Le médecin-chef de la formation[1], le docteur Lamisse, parent du célèbre aumônier, me reçoit à table, parmi tous ces Messieurs, et l’aumônier, l’abbé Sandret, qui me fait un accueil très cordial.

Je suis ahuri ; on me donne à dîner ; l’aumônier me conduit alors chez lui, où il a fait disposer un lit près du sien, par terre…

Je suis à Somme-Suippe

… au nord, Souain, Perthes-les-Hurlus… où est la 34ème division.

Je me couche ; le bruit incessant du canon, des fusils, de la mitrailleuse, laboure la nuit… J’ai froid ; ma couche est minable… .

[1] R. Thinot est affecté au groupement de brancardier de la 34e division
JMO en ligne : http://www.memoiredeshommes.sga.defense.gouv.fr/fr/arkotheque/inventaires/ead_ir_consult.php?a=4&ref=SHDGR__GR_26_N_I

Extrait des notes de guerre de l'abbé Rémi Thinot. [1874-1915] tapuscrit de 194 pages prêté à Reims

Louis Guédet

Vendredi 15 janvier 1915

125ème et 123ème jours de bataille et de bombardement

  1. Robert Lewthwaite m’a remis une pendule ancienne Louis XVI (Torche, carquois, pigeons) avec 2 statuettes en reconnaissance d’un conseil que je leur avais donné vers novembre 1914 et la rédaction d’un cautionnement S.S.P. entre 8 négociants en vins de Champagne de 800 000 Fr (Charles Heidsieck(1), Heidsieck-Monopole(2), Georges Goulet(3), Olry-Roederer(4), Pommery(5), Veuve Clicquot (Werlé)(6), Krug(7), Ruinart(8)).

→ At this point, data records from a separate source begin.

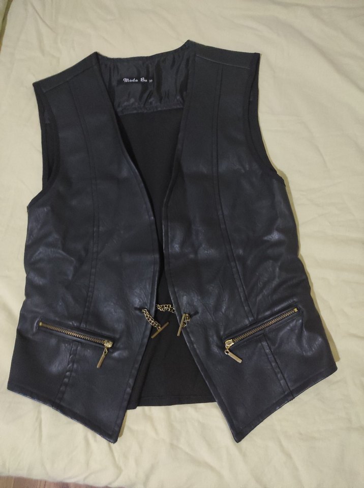 Siyah deri biker yelek, fitted kesim, yakalı ve tokalı detaylara sahiptir. Fermuarlı cepler ve kolsuz tasarımıyla şık bir görünüme sahiptir.
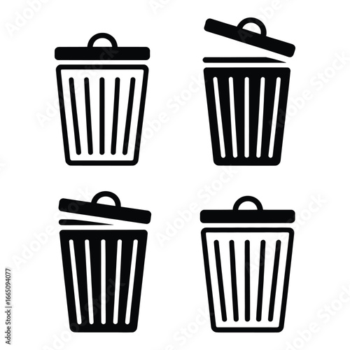 Garbage Can Icon Set in Black and White Vector Illustration for Environment and Waste Management
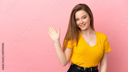Teenager girl over isolated pink background saluting with hand with happy expression
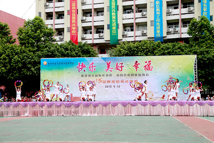 以“快樂、美好、幸福”為主題的龍華中英文實驗學校第十五屆素質教育成果展示活動,于2015年6月12日下午在龍華中英文實驗學校運動場成功舉辦,在全體演職人員的辛勤努力下,展示活動圓滿成功、精彩紛呈,再次彰顯了學校學生“習慣好、能力強、成績優(yōu)”的素質教育特色。
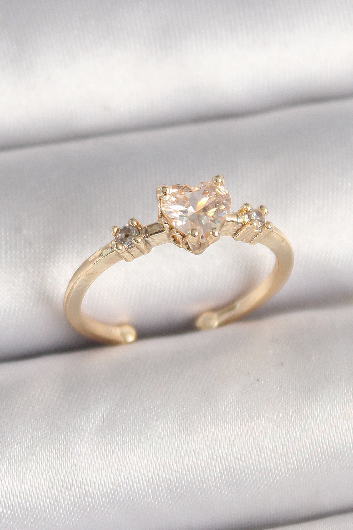 Pirinç Gold Renk Zirkon Taşlı Kalp Model Ayarlanabilir Kadın Yüzük - TJ-BYK3685
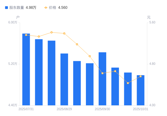 近一年(2024年10月31日至2025年10月31日),安诺其A股股东户数从6.3万户,减低至4.98万户,降幅20.88%,区间股价下跌28.97%。
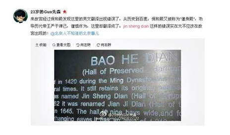 发微博的23岁大学生小郭回忆,当天他和朋友到故宫游玩,当走到到保和殿时,发现标识牌上英文翻译的内容“有点不对”。

Ils ont voulu surtout reconnaitre mon geste et surtout montrer que j’étais le seul notaire de Reims resté à son Poste et à son devoir, ce que m’a dit Robert Lewthwaite.

Je pars demain à neuf heures du matin à Épernay avec Charles Heidsieck et de là à St Martin voir mon pauvre Père. Mon Dieu pourvu que je le trouve bien portant ! Il y aura 4 mois 1/2 que je ne l’ai vu !!

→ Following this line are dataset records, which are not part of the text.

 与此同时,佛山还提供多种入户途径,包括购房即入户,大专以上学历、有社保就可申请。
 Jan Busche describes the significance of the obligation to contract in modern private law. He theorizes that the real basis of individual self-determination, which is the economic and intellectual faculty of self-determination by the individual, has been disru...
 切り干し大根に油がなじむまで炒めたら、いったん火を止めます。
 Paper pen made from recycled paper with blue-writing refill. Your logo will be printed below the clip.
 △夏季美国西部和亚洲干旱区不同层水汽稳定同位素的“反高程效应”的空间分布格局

Impressions, Louis Guédet, Notaire et Juge de Paix à Reims. Récits et impressions de guerre d'un civil rémois 1914-1919, journal retranscrit par François-Xavier Guédet son petit-fils

Cardinal Luçon

Vendredi 15 – Nuit tranquille Bombes dans la matinée.

Cardinal Luçon dans son Journal de la Guerre 1914-1918, éd. Travaux de l’Académie Nationale de Reims

Eugène Chausson

15/1 Vendredi. Même temps et toujours violente canonnade dans la même direction. A 4 h du soir la canonnade se fait intensive, très forte dans la direction de Soissons et autour de Reims. Très peu de choses dans la journée. Nuit assez calme.

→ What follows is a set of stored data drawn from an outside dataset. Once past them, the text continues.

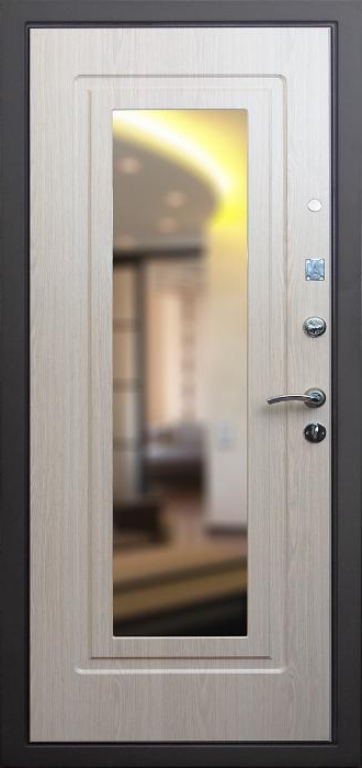 Эта модель создана для тех, кто ценит не только прочность, но и практичность в повседневном использовании. Стальной каркас из профильной трубы и лист металла толщиной 2 мм с рёбрами жёсткости формируют надёжную основу, способную выдерживать серьёзные нагрузки. Снаружи дверь защищена порошковым покрытием, которое устойчиво к влаге, солнцу и механическим повреждениям, а изнутри отделана МДФ-накладкой, придающей интерьеру уют и аккуратность. В центре конструкции внимание привлекает зеркало — удобная деталь, которая избавляет от необходимости в дополнительном настенном аксессуаре и одновременно делает пространство визуально просторнее. Именно здесь название модели — металлическая дверь с зеркалом в дом №2 — обретает своё значение, сочетая функциональность с эстетикой. Для повышения безопасности предусмотрены два замка российского производства с независимыми системами запирания, а также блокираторы. Два контура уплотнителя защищают от сквозняков и пыли, а возможность выбрать направление открывания делает установку универсальной. Металлическая дверь с зеркалом в дом №2 от производителя: быстрое изготовление и монтаж в Дмитрове, индивидуальные размеры, широкий выбор материалов и фурнитуры, официальная гарантия до 10 лет.
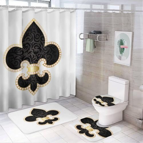 4 Pcs Shower Curtain with Matching Doormat Sets, Bath Curtain with Rugs(U Shape Mat, Bath Mat, Toilet Lid Cover Mat) with Hooks Print Luxury Black Floral Fleur De Lis with Gold Diamond Rim on White
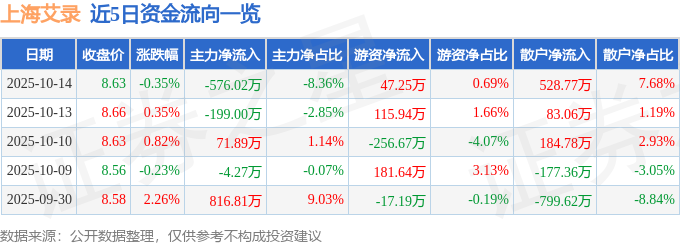 证券之星消息,截至2025年10月14日收盘,上海艾录(301062)报收于8.63元,下跌0.35%,换手率2.55%,成交量7.95万手,成交额6887.81万元。

Carnet d'Eugène Chausson durant la guerre de 1914-1918

Voir ce beau carnet sur le site de sa petite-fille Marie-Lise Rochoy


Muizon, sur la route de Soissons
Muizon, sur la route de Soissons

Vendredi 15 janvier

L’affaire de Crouy a été très chaude. Les Allemands qui avaient fait venir de gros renforts, n’ont pu nous arrêter à gauche, ni nous enlever nos positions au centre, mais à droite, devant Vregny, nous avons dû céder du terrain. Comme la crue de l’Aisne avait emporté des ponts et des passerelles, et qu’ainsi les communications entre nos troupes pouvaient être rompues, le commandement, entre Crouy et Missy, a ramené nos effectifs sur la rive gauche. De part et d’autre, les prisonniers ont été assez nombreux : ceux que nous avons faits appartenaient à sept régiments différents. On estime, au surplus, que cette affaire n’a qu’une valeur locale et ne peut influer sur l’ensemble des opérations.
En Flandre, les troupes belges ont fait sauter à Struyvakenskerke, une ferme qui servait de dépôt de munitions à l’ennemi. Dans la région de Lens, notre artillerie a procédé à un bombardement efficace. Près de Roye, nous avons bouleversé des tranchées allemandes; en Champagne, nous continuons à désorganiser ou à prendre des tranchées, spécialement autour de Perthes.
Des sous-marins ont paru devant Douvres. Mais canonnés vigoureusement, ils ont plongé et abandonné leur entreprise.
Un aviateur anglais a jeté des bombes sur les positions allemandes d’Anvers.
La presse européenne commente abondamment le départ du comte Berchtold et son remplacement par le baron Burian, mais les interprétations de cet incident sont des plus contradictoires.